[[ Dataset extract open ]]

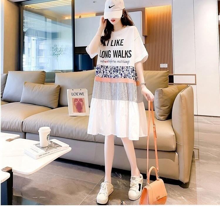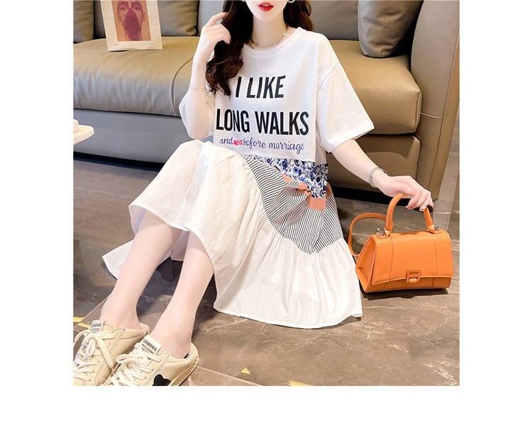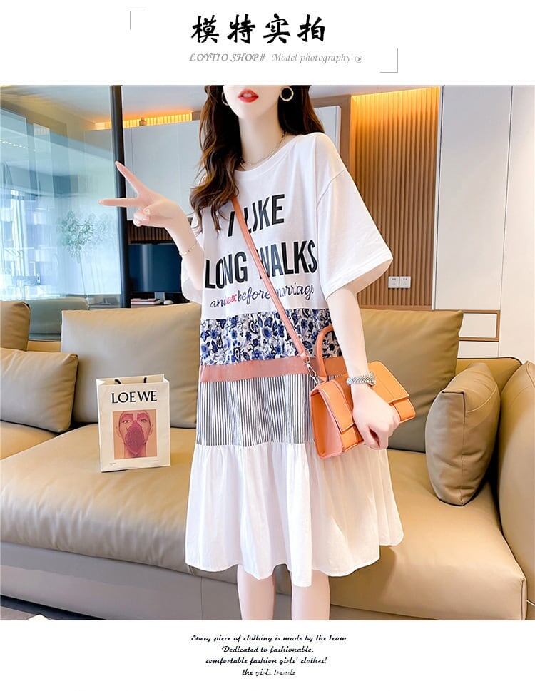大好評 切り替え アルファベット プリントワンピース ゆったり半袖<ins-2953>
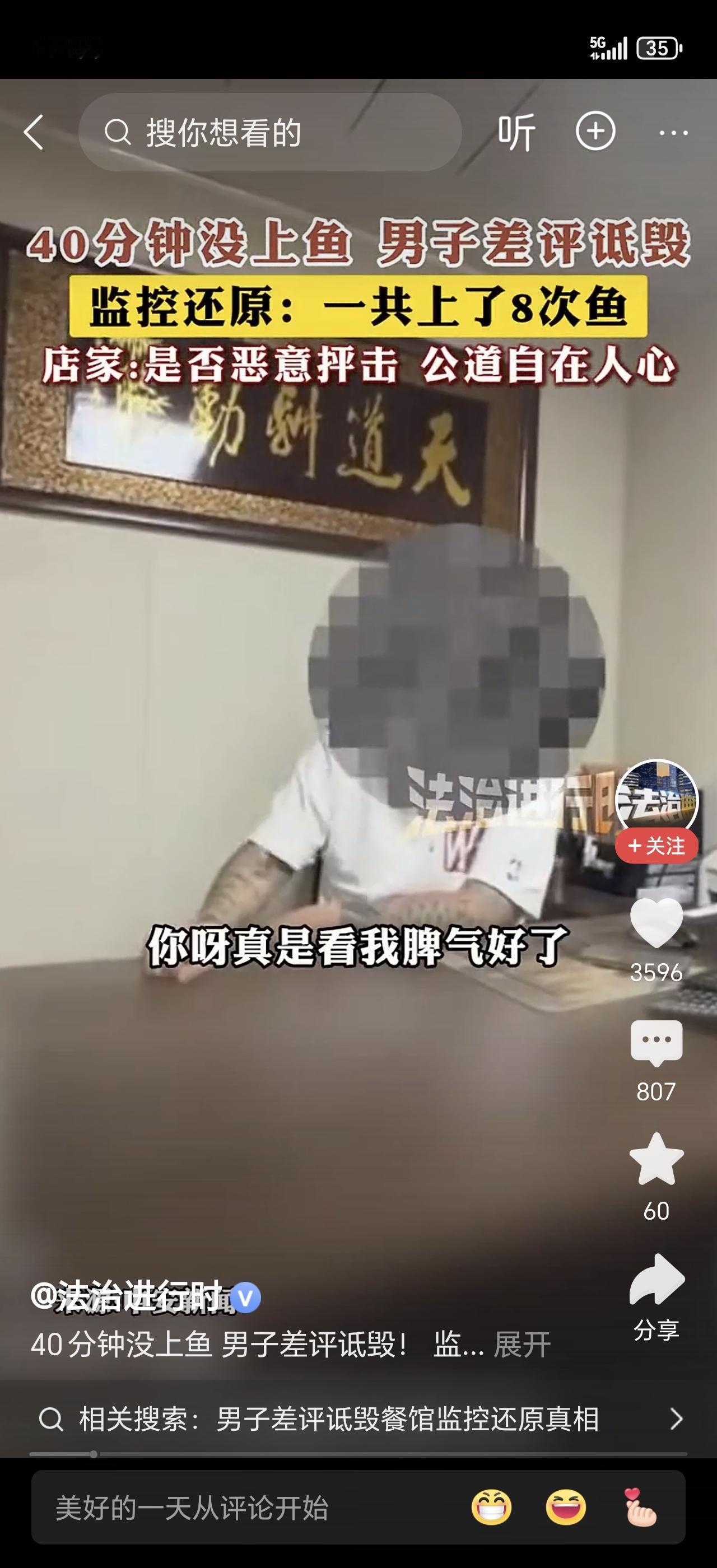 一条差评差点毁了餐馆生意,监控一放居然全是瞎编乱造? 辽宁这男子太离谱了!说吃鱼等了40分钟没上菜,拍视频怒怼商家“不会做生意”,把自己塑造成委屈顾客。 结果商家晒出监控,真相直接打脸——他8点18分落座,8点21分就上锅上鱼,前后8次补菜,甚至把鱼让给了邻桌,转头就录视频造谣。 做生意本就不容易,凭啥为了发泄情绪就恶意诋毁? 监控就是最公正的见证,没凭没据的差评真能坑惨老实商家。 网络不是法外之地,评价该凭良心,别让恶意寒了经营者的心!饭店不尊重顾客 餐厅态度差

[[ Dataset extract closed ]]
[[ Dataset extract open ]]

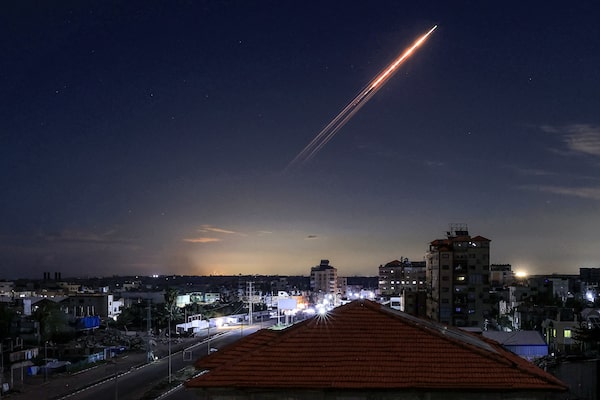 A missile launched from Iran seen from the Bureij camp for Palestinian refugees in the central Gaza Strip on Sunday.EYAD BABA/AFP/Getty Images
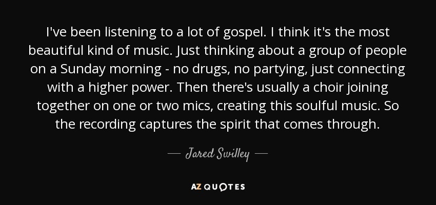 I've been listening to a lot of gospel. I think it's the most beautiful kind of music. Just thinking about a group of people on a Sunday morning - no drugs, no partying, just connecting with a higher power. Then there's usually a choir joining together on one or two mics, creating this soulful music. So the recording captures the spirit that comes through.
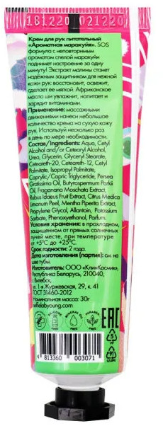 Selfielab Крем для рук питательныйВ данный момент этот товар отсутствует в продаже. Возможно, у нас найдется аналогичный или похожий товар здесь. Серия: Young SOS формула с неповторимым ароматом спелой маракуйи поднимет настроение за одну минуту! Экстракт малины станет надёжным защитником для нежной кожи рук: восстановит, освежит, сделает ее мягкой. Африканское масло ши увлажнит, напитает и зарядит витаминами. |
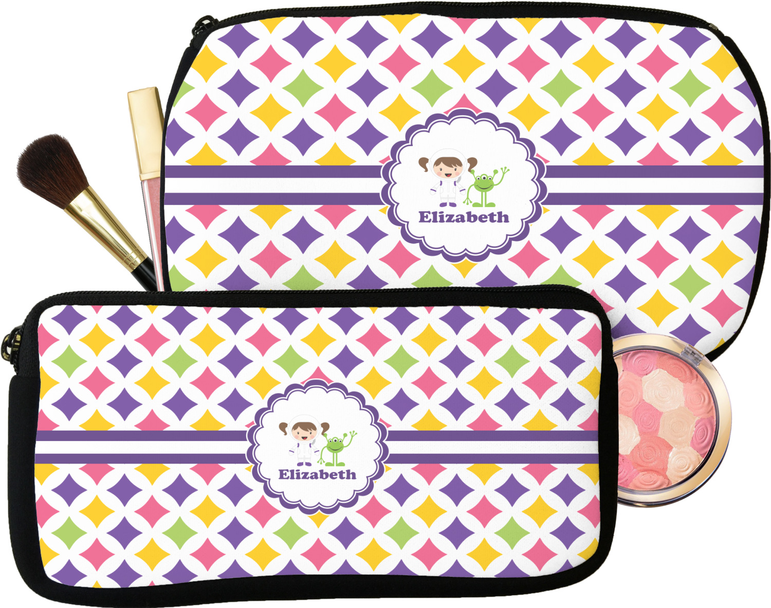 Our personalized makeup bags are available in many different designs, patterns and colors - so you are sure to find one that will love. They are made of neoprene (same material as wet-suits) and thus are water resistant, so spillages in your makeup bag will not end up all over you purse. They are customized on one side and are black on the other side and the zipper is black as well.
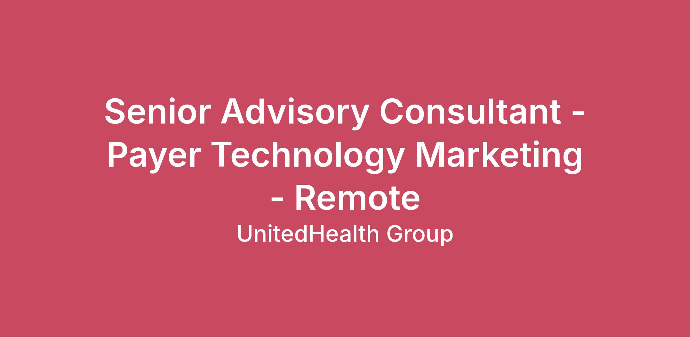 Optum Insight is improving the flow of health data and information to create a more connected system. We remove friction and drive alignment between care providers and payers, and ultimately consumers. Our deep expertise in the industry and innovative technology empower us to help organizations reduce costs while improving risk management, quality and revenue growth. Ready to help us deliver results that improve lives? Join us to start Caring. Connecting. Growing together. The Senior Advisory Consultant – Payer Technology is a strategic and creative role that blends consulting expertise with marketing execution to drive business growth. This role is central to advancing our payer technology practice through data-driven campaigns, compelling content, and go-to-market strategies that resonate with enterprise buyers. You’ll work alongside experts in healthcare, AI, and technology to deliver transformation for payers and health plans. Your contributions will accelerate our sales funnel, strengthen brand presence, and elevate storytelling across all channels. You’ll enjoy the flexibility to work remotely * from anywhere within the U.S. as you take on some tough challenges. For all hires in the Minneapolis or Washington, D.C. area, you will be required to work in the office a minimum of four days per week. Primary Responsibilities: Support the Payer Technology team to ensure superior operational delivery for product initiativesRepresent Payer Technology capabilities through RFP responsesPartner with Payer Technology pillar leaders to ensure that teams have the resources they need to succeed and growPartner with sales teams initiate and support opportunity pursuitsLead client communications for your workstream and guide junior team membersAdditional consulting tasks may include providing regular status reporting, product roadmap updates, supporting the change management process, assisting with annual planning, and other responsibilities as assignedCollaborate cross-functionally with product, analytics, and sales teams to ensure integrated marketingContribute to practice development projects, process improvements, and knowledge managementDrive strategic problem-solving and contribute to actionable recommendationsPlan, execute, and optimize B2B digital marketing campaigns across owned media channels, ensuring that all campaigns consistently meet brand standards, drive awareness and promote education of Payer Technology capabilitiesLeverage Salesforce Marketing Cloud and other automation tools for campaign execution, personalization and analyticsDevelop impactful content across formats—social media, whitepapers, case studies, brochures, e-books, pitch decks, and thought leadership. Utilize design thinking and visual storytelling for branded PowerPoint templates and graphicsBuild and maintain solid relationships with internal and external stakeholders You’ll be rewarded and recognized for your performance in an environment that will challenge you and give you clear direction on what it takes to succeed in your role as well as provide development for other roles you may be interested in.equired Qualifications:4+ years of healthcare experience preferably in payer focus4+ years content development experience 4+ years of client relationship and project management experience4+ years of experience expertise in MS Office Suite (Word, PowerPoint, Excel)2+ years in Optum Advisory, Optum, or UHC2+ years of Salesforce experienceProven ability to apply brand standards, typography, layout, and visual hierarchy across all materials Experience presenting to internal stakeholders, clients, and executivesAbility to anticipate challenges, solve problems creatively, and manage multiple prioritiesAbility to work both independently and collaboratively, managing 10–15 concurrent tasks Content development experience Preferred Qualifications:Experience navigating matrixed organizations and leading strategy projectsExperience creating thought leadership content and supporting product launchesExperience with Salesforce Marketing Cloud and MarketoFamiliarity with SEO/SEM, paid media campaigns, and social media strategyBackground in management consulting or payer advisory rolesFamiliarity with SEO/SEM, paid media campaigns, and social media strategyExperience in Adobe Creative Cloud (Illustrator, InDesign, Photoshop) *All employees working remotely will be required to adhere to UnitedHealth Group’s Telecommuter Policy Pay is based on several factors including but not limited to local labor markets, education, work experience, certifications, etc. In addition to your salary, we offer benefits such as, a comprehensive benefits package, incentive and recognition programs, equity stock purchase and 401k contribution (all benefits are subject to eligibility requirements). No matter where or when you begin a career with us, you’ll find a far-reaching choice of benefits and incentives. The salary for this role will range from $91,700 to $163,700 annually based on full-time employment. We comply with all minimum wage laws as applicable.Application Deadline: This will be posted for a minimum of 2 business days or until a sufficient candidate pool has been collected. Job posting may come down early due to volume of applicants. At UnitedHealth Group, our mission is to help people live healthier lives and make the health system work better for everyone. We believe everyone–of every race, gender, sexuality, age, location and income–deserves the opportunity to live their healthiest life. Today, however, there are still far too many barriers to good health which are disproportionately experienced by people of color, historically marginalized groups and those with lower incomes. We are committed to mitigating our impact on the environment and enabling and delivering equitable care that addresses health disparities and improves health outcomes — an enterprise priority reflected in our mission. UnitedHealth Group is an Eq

[[ Dataset extract closed ]]

Work request
Reproduce the data above exactly, but only from the line containing "Selfielab Крем для" through the line containing "Our personalized makeup"; skip the pictures.

Result of this task
 Selfielab Крем для рук питательныйВ данный момент этот товар отсутствует в продаже. Возможно, у нас найдется аналогичный или похожий товар здесь. Серия: Young SOS формула с неповторимым ароматом спелой маракуйи поднимет настроение за одну минуту! Экстракт малины станет надёжным защитником для нежной кожи рук: восстановит, освежит, сделает ее мягкой. Африканское масло ши увлажнит, напитает и зарядит витаминами. |
 Our personalized makeup bags are available in many different designs, patterns and colors - so you are sure to find one that will love. They are made of neoprene (same material as wet-suits) and thus are water resistant, so spillages in your makeup bag will not end up all over you purse. They are customized on one side and are black on the other side and the zipper is black as well.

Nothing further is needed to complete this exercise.